Step caps and escalation. The current Zylos scheduler marks tasks done or failed, but does not distinguish between "failed and cannot recover" vs. "making no progress and needs human input." Adding a "stuck" state with automated escalation to Howard via Telegram would implement the production pattern of surfacing partial results when the step cap is hit.

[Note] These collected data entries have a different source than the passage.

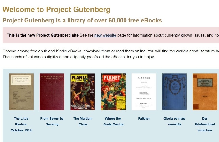 Gutenberg Project — это одна из самых старых онлайн библиотек, а возможно даже самая старая. Первая книга сюда была загружена в 1971 году. Ей была Декларация о независимости США. Та страница до сих пор хранится на сайте в первозданном виде, и вы можете прочитать ее. Только имейте в виду, то там почти нет веб-разметки, и страница выглядит по нашим меркам очень неаккуратно.
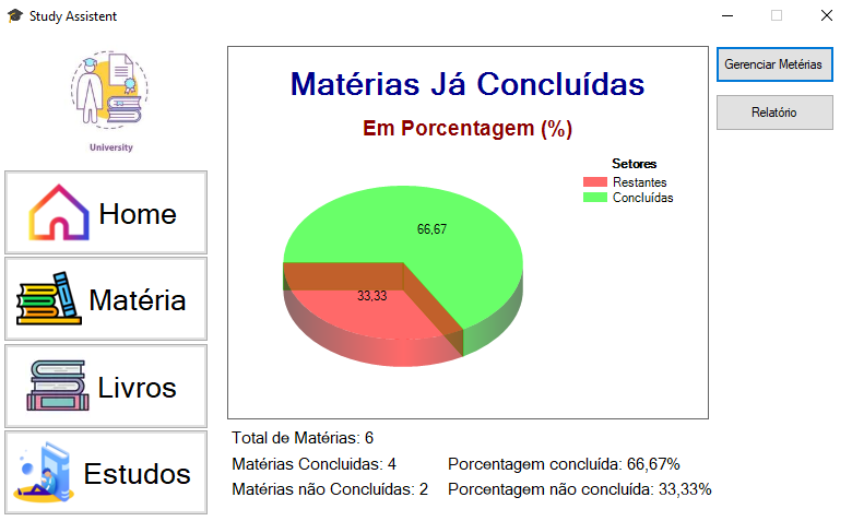 É um software feito em C# com gráficos e relatórios em pdf para ajudar o estudante a jerenciamento suas materias.
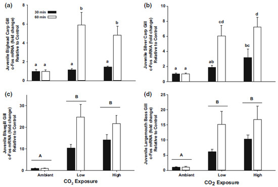 - Dennis, C.E.; Adhikari, S.; Wright, A.W.; Suski, C.D.; Dennis, C.E. Molecular, Behavioral, and Performance Responses of Juvenile Largemouth Bass Acclimated to an Elevated Carbon Dioxide Environment. J. Comp. Physiol. B 2016, 186, 297–311. [Google Scholar] [CrossRef]
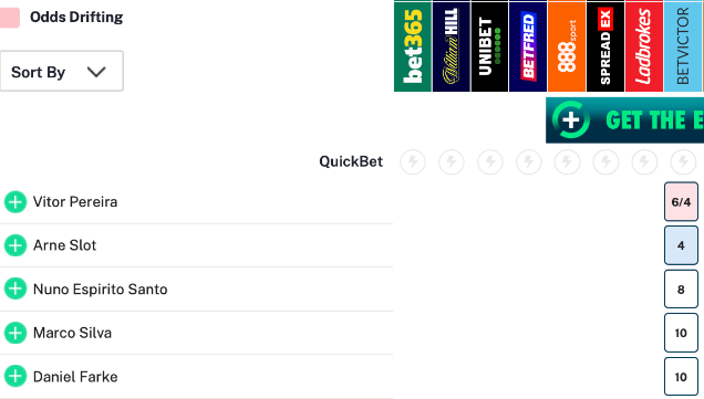 เรตอื่นๆที่น่าสนใจได้แก่เต็งสาม นูโน่ เอสปิริโต ซานโต บอส เวสต์แอม (8/1) และเต็งสี่ร่วมคือ ดาเนี่ยล ฟาร์เก้ เฮดโค้ช ลีดส์ กับ มาร์โค ซิลวา บอส ฟูแล่ม (10/1)
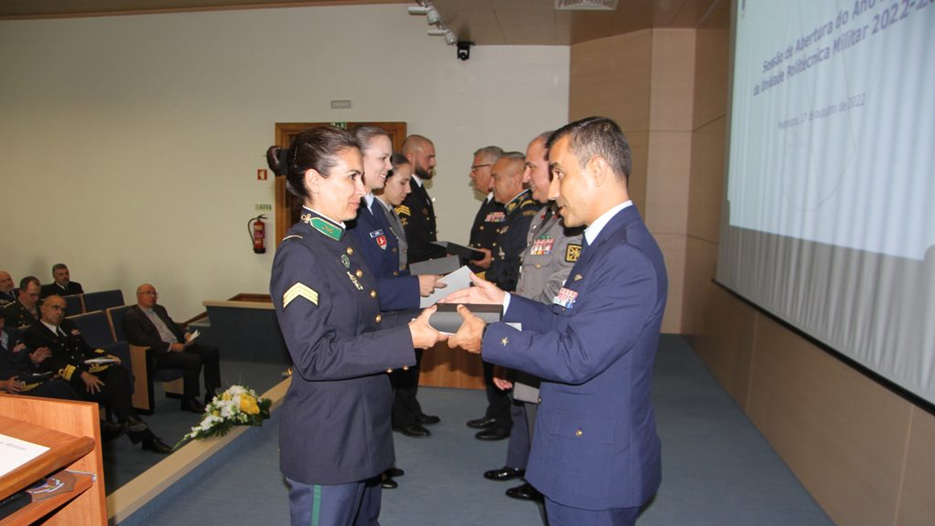 Este ato contou com a presença dos Comandantes do Pessoal da Marinha e do Exército e demais oficiais generais dos ramos das Forças Armadas e da Guarda Nacional Republicana (GNR), Sua Excelência Reverendíssima, o Bispo das Forças Armadas e das Forças de Segurança, os Comandantes das escolas e centros de formação onde o ensino politécnico é ministrado, entre outras entidades civis e militares, que presencialmente ou por videoconferência, assistiram ao evento.
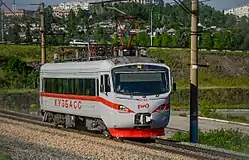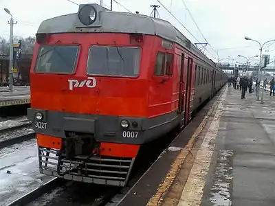 ![]() ЭД2Т-0003 в корпоративной окраске ОАО «РЖД» на ст. Поварово-3 | |
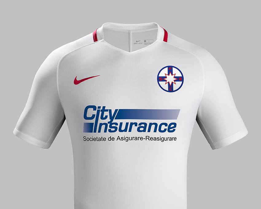 Die Steaua 2016-2017 Trikots weisen wieder das weiterhin ungewöhnliche neue Logo auf, nachdem ein Gerichtsentscheid, der die Erlaubnis erteilte, das ursprüngliche Steaua-Bukarest-Logo zu verwenden, dem Verteidigungsministerium Recht gab.
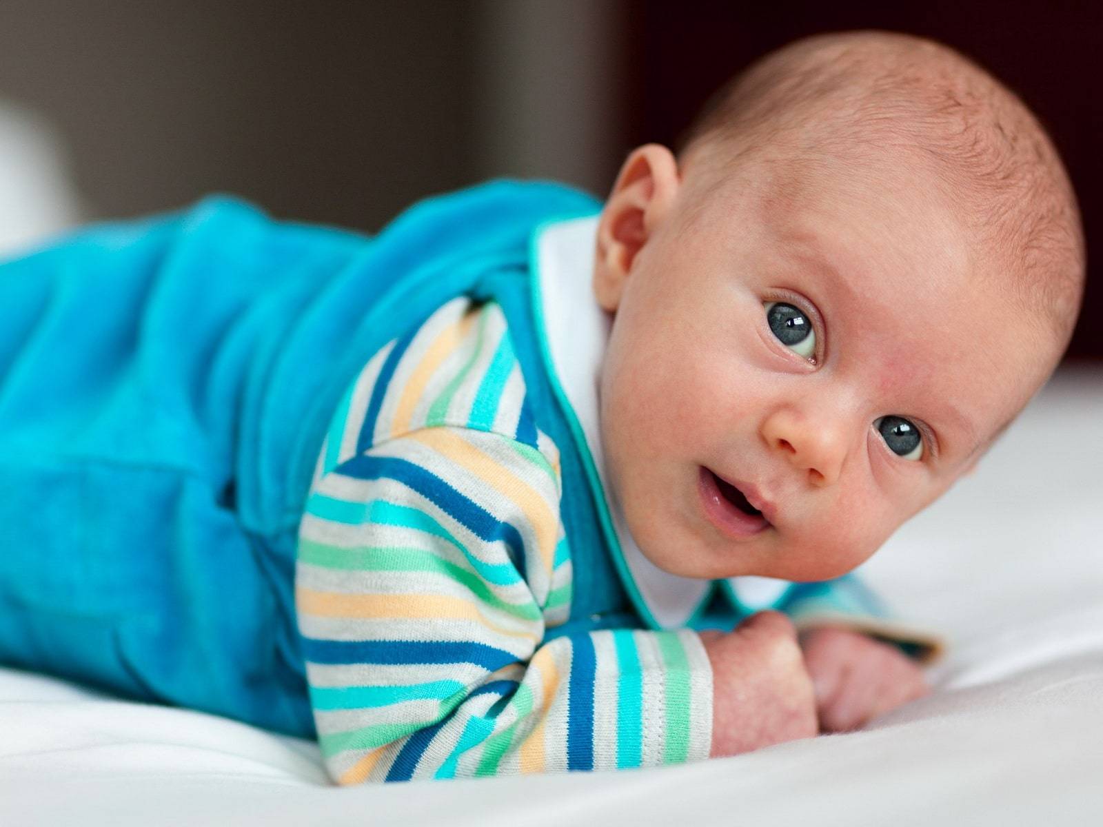 К концу первого месяца жизни ребенок уже в состоянии высоко держать голову, лежа на животе, как минимум три секунды.
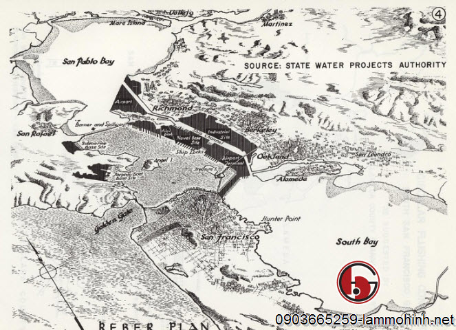 Theo bản kế hoạch của John Reber vào năm 1949 là sẽ xây hai con đập để tạo ra hồ nước ngọt ở giữaSan Pablo Bay và Nam Vịnh San Francisco. Trong khi đó, vùng Đông Vịnh và Richardson Bay Tidelands sẽ được xây dựng một cảng nước sâu, sân bay và căn cứ quân sự. Đề xuất này của Reber đã được Quân đoàn công binh Mỹ cho làm mô hình kiến trúc nghiên cứu tính khả thi của bản kế hoạch. Sau khi kiểm tra kế hoạch của John Reber đã bị hủy bỏ bởi thiếu khả thi.
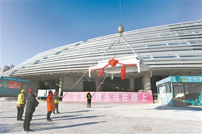 2019年12月31日,施工人員在國家速滑館施工現(xiàn)場起吊最后一塊待安裝的屋面單元板塊。項目建設(shè)方有關(guān)負責(zé)人表示,國家速滑館“冰絲帶”能如期實現(xiàn)“絲帶飛舞”,離不開強有力的監(jiān)督。新華社記者 鞠煥宗 攝
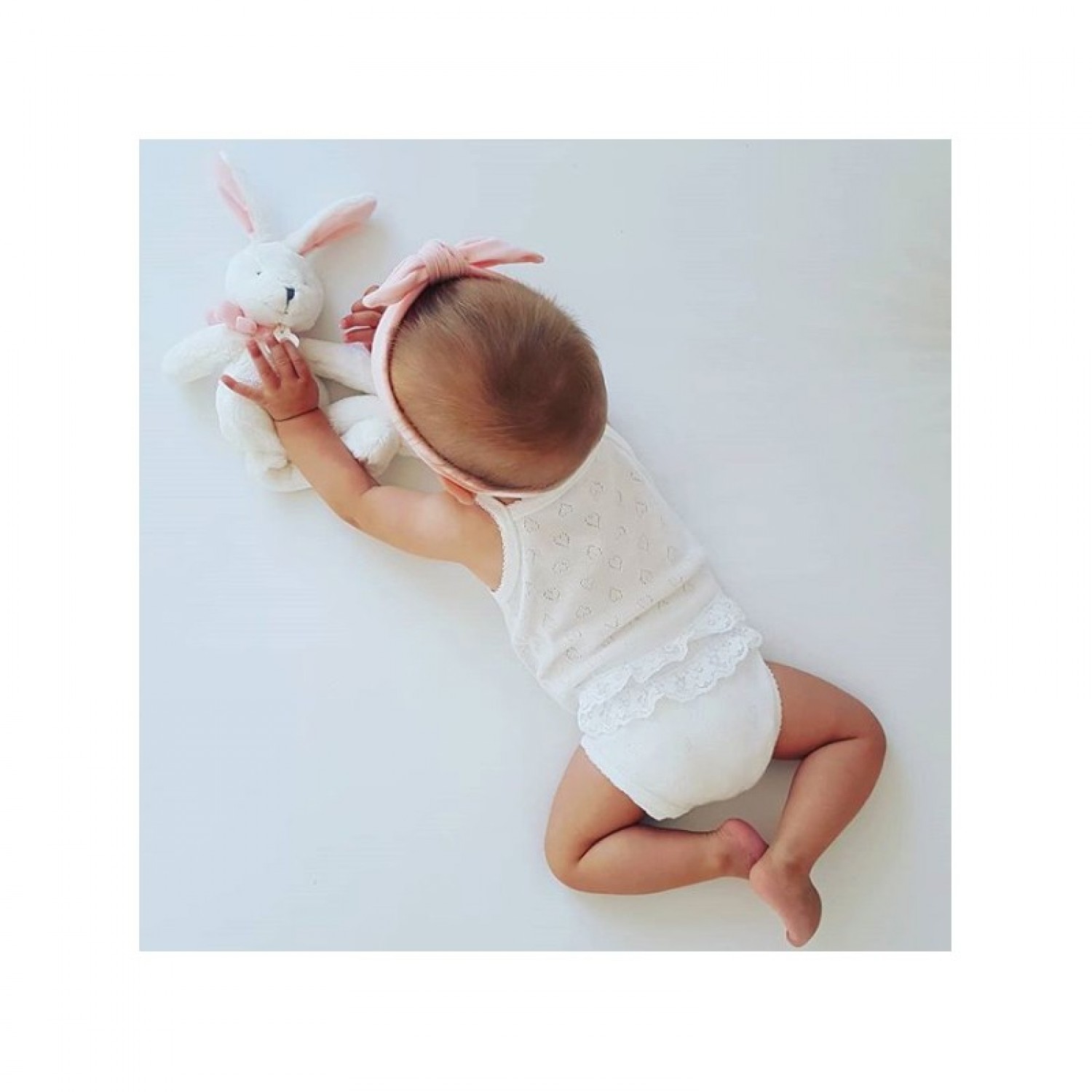 Lleva tirante fino y volantes en tejido calado en forma de corazones.
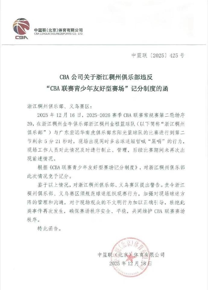 主场球迷大喊“黑哨”!CBA官方对浙江男篮、义乌赛区发出警告
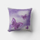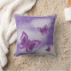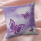 Den här söt kudden har tre lila-, lavender- och violett färgad-butterfly-bilder mot en grumlig, grym, passande bakgrund. Kuddens andra sida har bakgrunden, men inte fjärilarna. Det är en intressant, reversibel kudde och passar särskilt för en liten flickas sovrum.
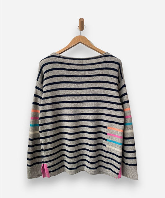 Grey, Navy and Neon Striped Cashmere Round Neck Jumper by White Stuff
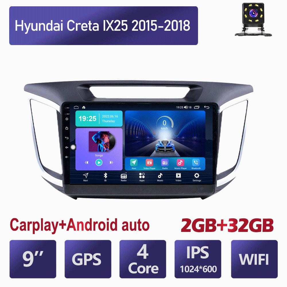 10-дюймовый Android Carplay для Hyundai Creta Ix25 2015-2018, автомобильный радиоприемник, мультимедийный видеоплеер, GPS-навигация, WIFI, 2 + 32 ГБ
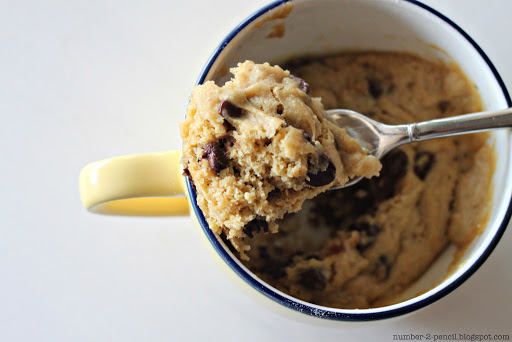 Start by melting your butter in the microwave. Add sugars, vanilla and salt. Stir to combine. Separate your egg and add the yolk only to your cup. Stir to combine. Add flour, then stir again. Add the chocolate chips, and give a final stir. Cook in microwave 40-60 seconds, start checking for doneness at 40 seconds. Mine takes 50 seconds.
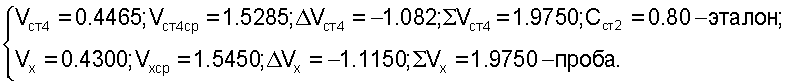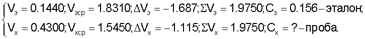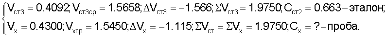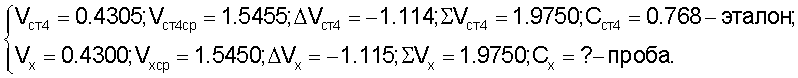 рассчитывают содержание искомого элемента в пробе Сх по системе уравнений

Inference-time search for high-value tasks. For tasks where quality matters more than cost (writing research articles, complex code changes), spending more inference compute on search-based planning is cost-effective. The 4x compute / next-model-generation equivalence is a useful heuristic for budgeting.

Key Takeaways

Backtracking is not an edge case — it is the norm for complex tasks. Agents without explicit backtracking mechanisms will fail on any task with meaningful branching.
Tree search at inference time is practical. SWE-Search's 23% improvement on SWE-bench demonstrates that MCTS is not just a theoretical construct; it works at the token budgets available today.
Process rewards make search cheaper. Tree-structured rollouts generate step-level supervision signal automatically, making value functions practical to train without human annotation.
Replanning needs guardrails. Naive replanning without step caps and progress detection creates replanning loops that are worse than no replanning at all.
Compensation is necessary for external side effects. Backtracking inside the agent context does not undo API calls. Production agents need explicit compensation mechanisms for every state-changing tool.
Robustness and recoverability are underinvested. Industry evaluation focuses on correctness; the production bottlenecks are robustness (graceful degradation) and recoverability (clean failure modes). Measuring and improving these is the highest-leverage area for deployed agent systems in 2026.